Images should be omitted while the rest of the data is duplicated exactly.

● **DATA SECTION**

....................

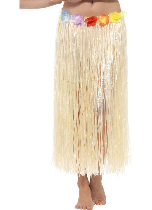 Hawaiian themed natural look grass skirt with attached flower waist band and elasticated waist.
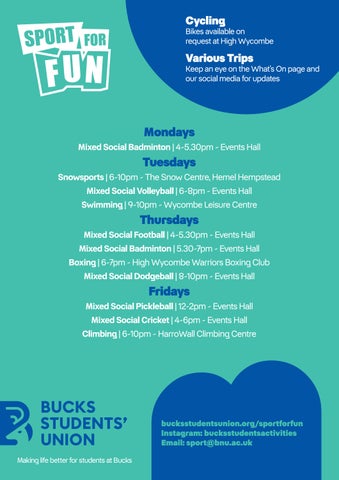 Times range (for more information, contact sport@bucks.ac.uk)
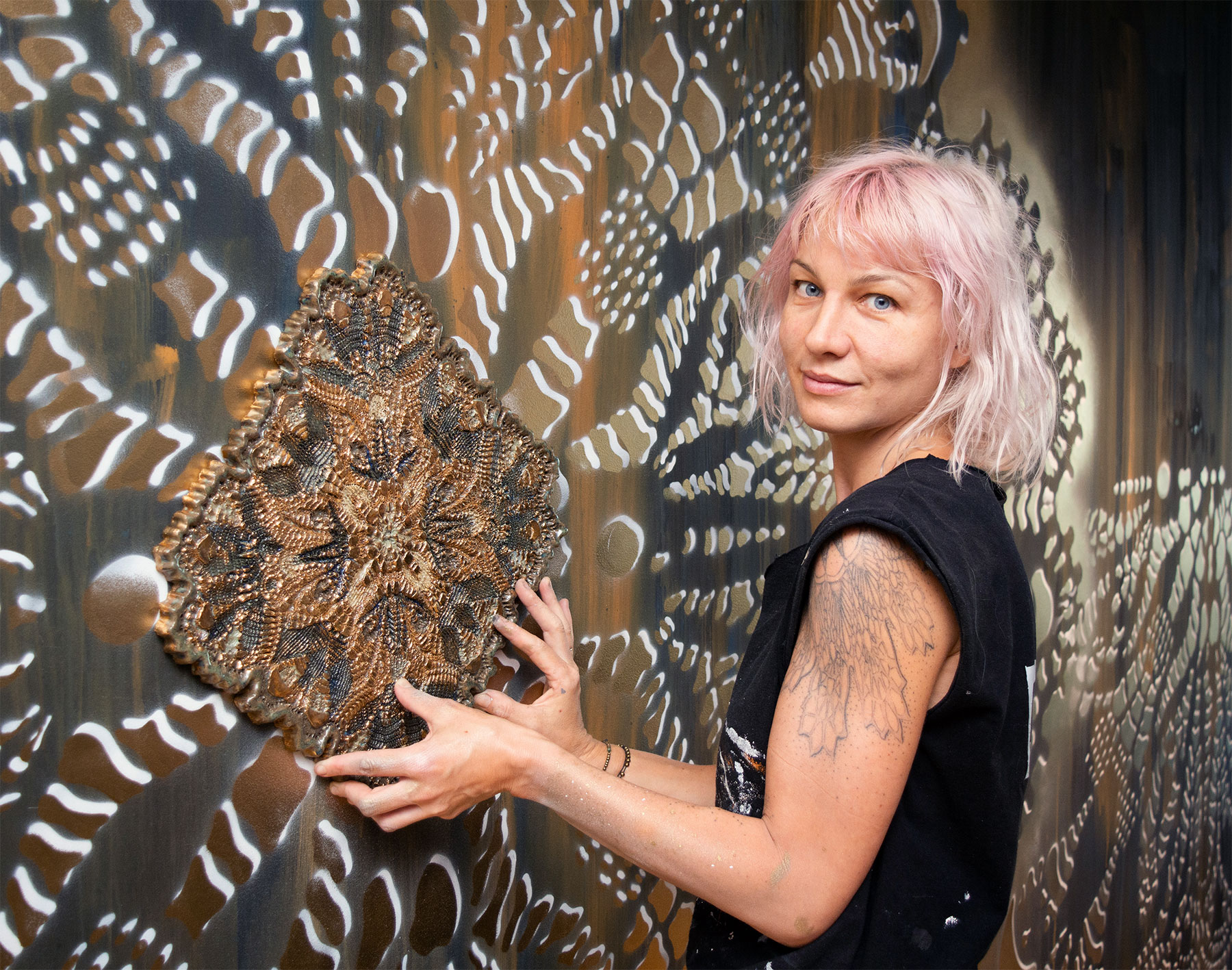 Maluję, odkąd pamiętam. Już w wieku pięciu lat marzyłam, by zostać „prawdziwą” artystką, podczas gdy moje koleżanki z przedszkola chciały być wróżkami czy piosenkarkami. Przez wiele lat tworzyłam ciemne, depresyjne obrazy olejne, aż w końcu zdałam sobie sprawę, że to ślepa uliczka. Na dwa lata odłożyłam pędzel, by w międzyczasie zainteresować się ceramiką. A ponieważ jestem nadproduktywna, w krótkim czasie cała rodzina i wszyscy znajomi mieli mnóstwo moich mis, miseczek, popielniczek, kubków i talerzy. Zrobiłam wszystko, co tylko można było zrobić z ceramiką użytkową, i poczułam, że zaczynam się nudzić. Pewnego razu podczas spaceru po parku na warszawskich Fortach Bema zobaczyłam betonowy słup, na którym „wyświetliła” mi się ceramiczna koronka, więc zrobiłam ją i tam przykleiłam. Tak to się zaczęło, to był 2009 rok.

....................

● **WRITTEN SOLUTION**
 Hawaiian themed natural look grass skirt with attached flower waist band and elasticated waist.
 Times range (for more information, contact sport@bucks.ac.uk)
 Maluję, odkąd pamiętam. Już w wieku pięciu lat marzyłam, by zostać „prawdziwą” artystką, podczas gdy moje koleżanki z przedszkola chciały być wróżkami czy piosenkarkami. Przez wiele lat tworzyłam ciemne, depresyjne obrazy olejne, aż w końcu zdałam sobie sprawę, że to ślepa uliczka. Na dwa lata odłożyłam pędzel, by w międzyczasie zainteresować się ceramiką. A ponieważ jestem nadproduktywna, w krótkim czasie cała rodzina i wszyscy znajomi mieli mnóstwo moich mis, miseczek, popielniczek, kubków i talerzy. Zrobiłam wszystko, co tylko można było zrobić z ceramiką użytkową, i poczułam, że zaczynam się nudzić. Pewnego razu podczas spaceru po parku na warszawskich Fortach Bema zobaczyłam betonowy słup, na którym „wyświetliła” mi się ceramiczna koronka, więc zrobiłam ją i tam przykleiłam. Tak to się zaczęło, to był 2009 rok.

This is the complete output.